What alignment has solved and not solved

Alignment techniques have made modern assistants much more useful. They improved instruction following, conversational quality, refusal behavior, formatting, tone, and user experience. They helped transform raw pretrained models into practical systems.

But alignment is not solved.

Remaining challenges include:

  • Hallucination and unsupported claims
  • Sycophancy
  • Inconsistent refusal behavior
  • Overconfidence
  • Hidden bias in preference data
  • Reward hacking
  • Weaknesses on novel or adversarial tasks
  • Difficulty aligning agentic systems that can take actions

Agentic AI makes alignment harder because the model’s output may not just be text. It may trigger tool calls, modify files, query private data, or influence workflows. Aligning an agent requires not only model-level training but also system-level controls: permissions, validation, logging, human approval, sandboxing, and evaluation.

Summary

Pretraining gives a model broad predictive capability. Supervised fine-tuning teaches assistant-like behavior. RLHF and preference optimization teach models to produce responses humans tend to prefer.

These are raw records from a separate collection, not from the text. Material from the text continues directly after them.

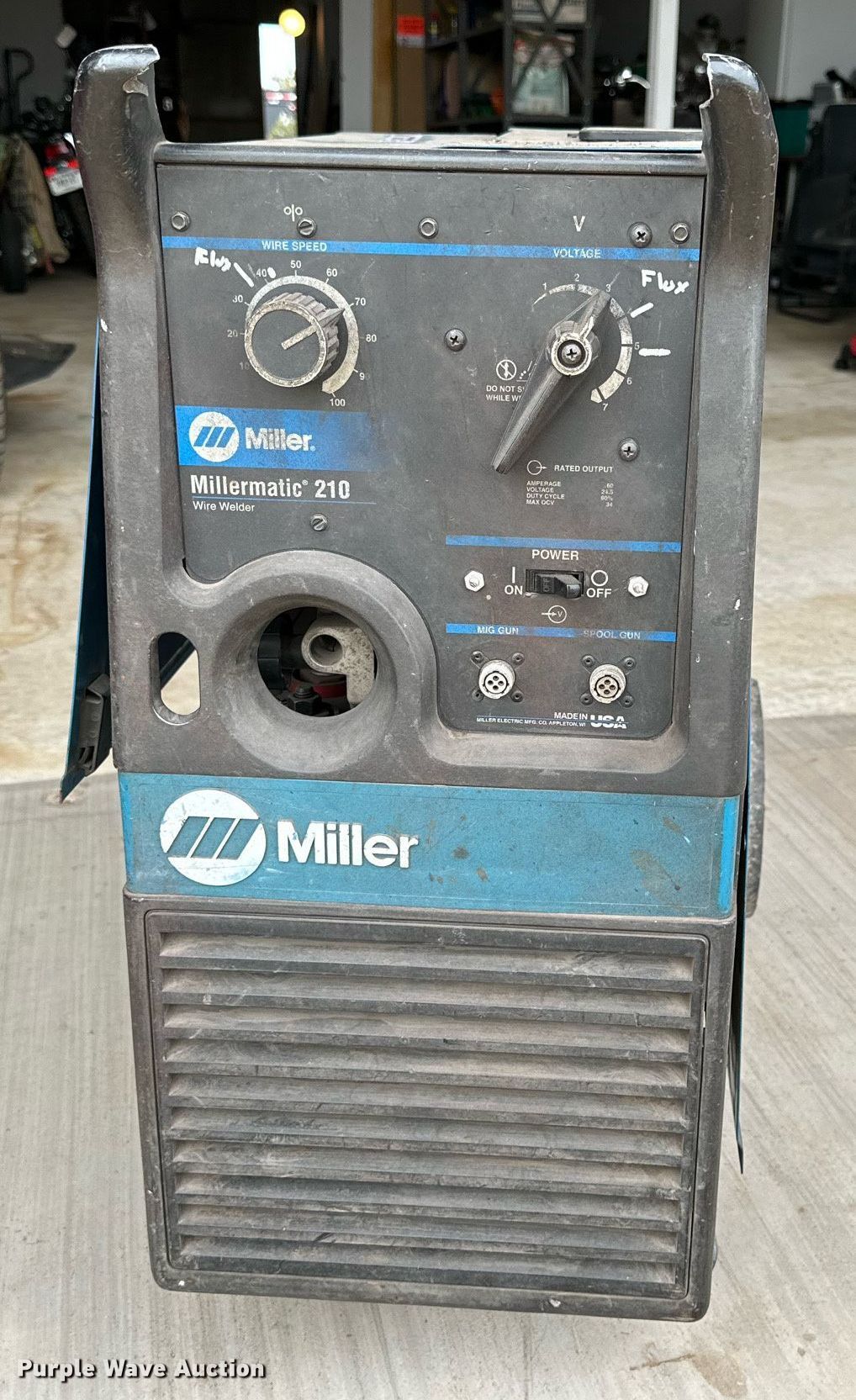 Purple Wave is selling a used Welder (Manual) in Oklahoma. This item is a Miller 210 welder with the following: Serial: LC107972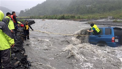宜蘭縣大同鄉清水地熱下游約500公尺處的溪床,昨天在滂沱雨勢中,溪水暴漲湍急,45歲的邱姓男子開著吉普車,載著妻子及4歲兒子出遊,橫渡溪床,不料,車輪深陷泥沙中,動彈不得。
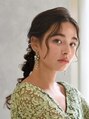トレンドの玉ねぎポニーは、ブライダルやパーティなどお呼ばれスタイルにもオススメ。全体をウェーブ巻きにしてから結ぶことで、よりエレガントな印象に。トップも髪を引き出して立体感を演出。

Constitutional AI adds principle-guided critique and revision.

These methods have made LLMs dramatically more useful, but they do not guarantee truth, safety, or wisdom. Alignment is best understood as an ongoing engineering and research process.

For developers, the practical lesson is to combine aligned models with good system design. Use clear instructions, constrained tools, retrieval when facts matter, human review for high-impact actions, and continuous evaluation. Model alignment helps, but application-level alignment is still your responsibility.